天下りに賄賂、横領。その他もろもろ……。
法を犯しても罰せられないというのは、そういう人種の人間にとってはとても生きやすい世界だったらしい。
そして何よりもこの街で権力を握ったのは、法も倫理も無視した研究・実験を続ける研究者達だったと言う。
「淀んだ世界そのものを浄化した“聖女様”、か……」
とある『Sオーバー』の少女――いわゆる“聖女様”の起こした反乱によって『操世会』が崩壊し、未知の楽園は変貌した。
どうあがいても汚い大人達の掌の上で踊り続ける他なかった管理された世界から、実力さえあれば誰でものし上がる事の出来る規律無き弱肉強食へ。

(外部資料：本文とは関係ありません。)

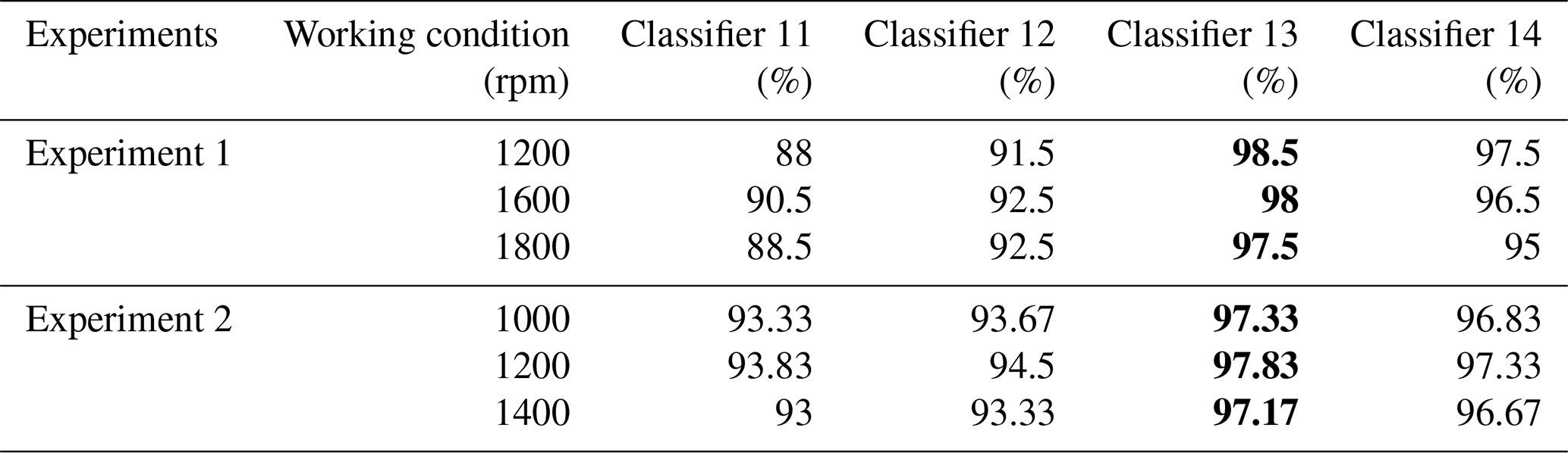 Table 4Diagnosis results of rotor rub-impact faults based on Experiment 1. The values in bold denote the experiment results of the proposed method.

だがそれは、やはり何処まで行っても歪で酷く歪んでいて。
外周区の錆びれて風化した様を見てきた勇麻としては、とてつもなく自分勝手な事ながら納得なんて一ミリもできない話であった。
子供狩りの話も、親のいない孤児達が理不尽な思いをし続ける常識も、その何もかもが。
例えその胸に湧き上がる想いが、偽善的な物であったとしても。
「ま、なんにせよ旦那にぁ関係ねえ話だ。ここに目的の物はねえ、さっさと先に進もうぜ」
眉間に皺を寄せていた勇麻を見て拳勝がわざとらしく明るい声をあげる。
その心遣いに感謝しつつ、勇麻は少しだけ足を速めて騒乱に賑わう市場を後にした。
一言二言、聖女様とやらに物を申してやろうと決意しつつ。